Driving electrochemical oxygen reduction and hydrazine oxidation reaction by enzyme-inspired polymeric Cu(3,3′-diaminobenzidine) catalyst

Abstract

Owing to the well-defined molecular structure and tunable mono-, di- or multinuclearity, Cu–N complexes have recently drawn specific attention as emerging catalysts for sustainable electrocatalytic oxygen reduction reaction (ORR) and other reactions. However, compared to state-of-the-art Pt/C, most of these Cu-based molecular catalysts show low catalytic activity due to the intrinsically limited capability and challenges in electronic structure modulation and sequential electron transfer within a single small molecule.

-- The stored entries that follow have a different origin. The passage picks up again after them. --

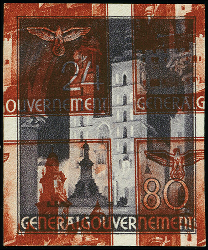 | Zusatzinformationen und Suchstichworte: | 383. Auktion Heinrich Köhler 14.–15. & 18.–23. März 2024 Los 3026 Generalgouvernement 1940, Bauwerke 80 Gr. ungezähnt mit zusätzlichem, stark verschobenem, roten Druckbild des 24 Gr. Wertes, postfrisch, tadellos Ausruf 80,00 EUR |
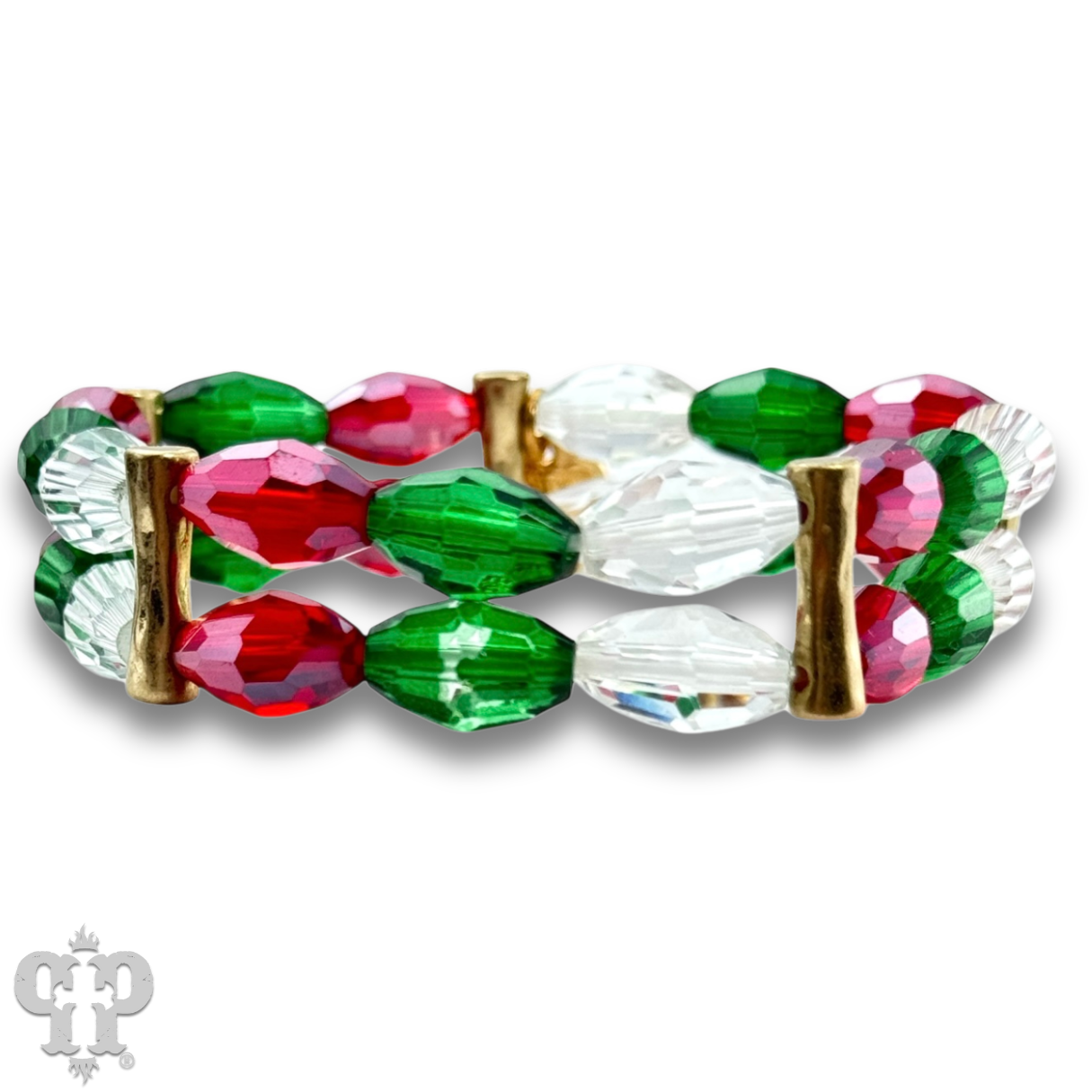 This double strand bracelet includes glass beads and gold tone spacer bars.
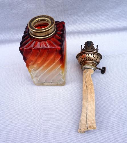 BACCARAT Twisted Amber Bamboo Glass Oil Lamp French Art Glass 1880
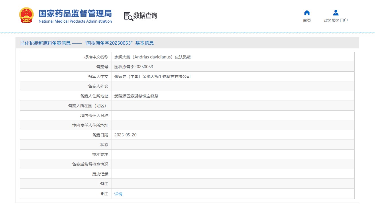 2025年5月20日,国家药品监督管理局化妆品原料备案平台公布,由公司佟长青教授团队主导研发、张家界(中国)金驰大鲵生物科技有限公司申报的“水解大鲵(Andrias davidianus)皮肤黏液”新原料成功通过备案(备案号:国妆原备字20250053)。这是我国首个获批的大鲵来源化妆品新原料,标志着珍稀水生生物资源高值化利用取得突破性进展。
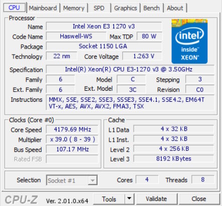 | Плюсы: | Xeon E3-1245V3 = i7 4770 за меньшие деньги, радует что есть встроенная графика (HD P4600) |
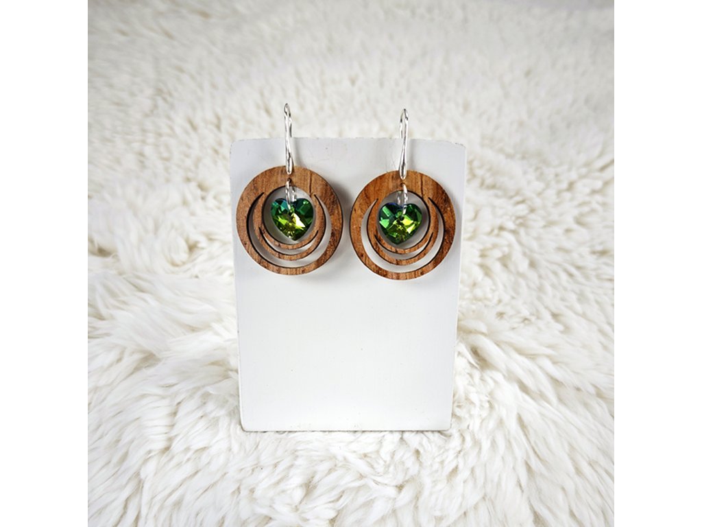 Dřevěné náušnice se skleněným broušeným kamínkem, 3,6 cm, český výrobek Náušnice jsou dodávány na kartónku, kde jsou upevněny pomocí silikonové zarážky.
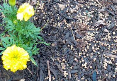 Bird’s nest fungi resemble tiny, gray to brown bird’s nests or splash cups with eggs. The nest is up to one-quarter inch in diameter. These fungi may grow in large areas of mulch, but they are not a problem.
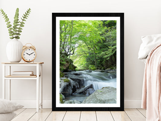 Rocky Riverside With Forest Glass Framed Wall Art, Ready to Hang Quality Print
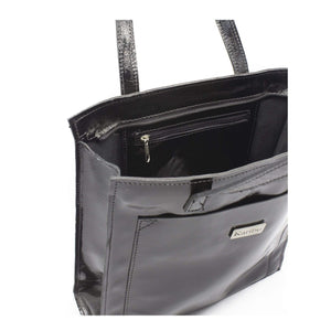 La Cartera María Negra Charol 🖤✨ tiene un estilo muy europeo. Con su bolsillo exterior y agarres de correas medianos dan forma glamurosa para tus outfits. ¡Pero no te dejes engañar!
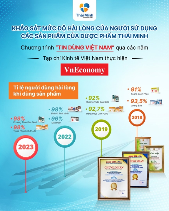 | Mức độ hài lòng của người sử dụng các sản phẩm của Dược phẩm Thái Minh luôn đạt mức từ 91-98% (khảo sát do Tạp chí Kinh tế Việt Nam thực hiện). |
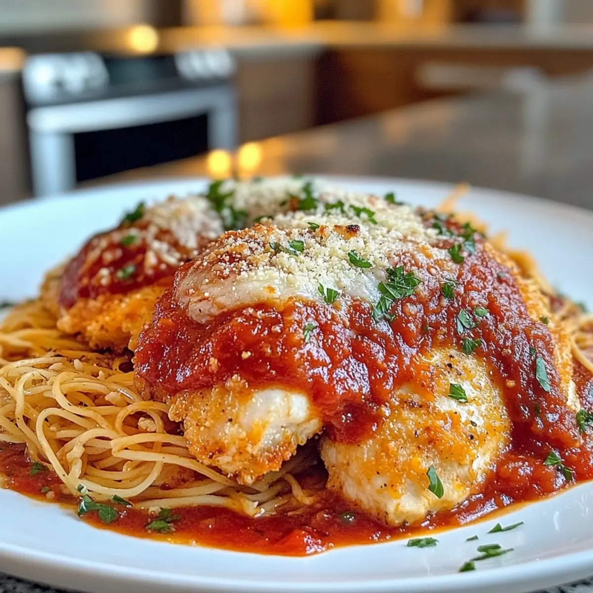 Whole Wheat Pasta: Serve the chicken over al dente whole wheat pasta, creating a wholesome base that pairs beautifully with the marinara.

Herein, inspired by structure–property relationships of laccases (a type of macromolecular biological catalyst), we report a facile molecular assembly of Cu(3,3′-diaminobenzidine) polymeric complex on carbon black via Cu–N complexing and π–π interaction as a highly efficient bifunctional electrocatalyst for ORR and hydrazine oxidation reaction (HOR), two half reactions for hydrazine fuel cells. Similar to the function of the Cys–His group in natural laccases, the 3,3′-diaminobenzidine ligand in the proposed polymeric catalyst synergistically adjusted the electronic structure of the Cu–N complex center and mediated a multiple-electron transfer cooperatively with carbon black via a long-range π–π interaction, owing to its electron reservation and π-conjugated properties. This study may provide a new way to design highly efficient biomimetic noble-metal-free electrocatalysts with well-defined and tunable structures.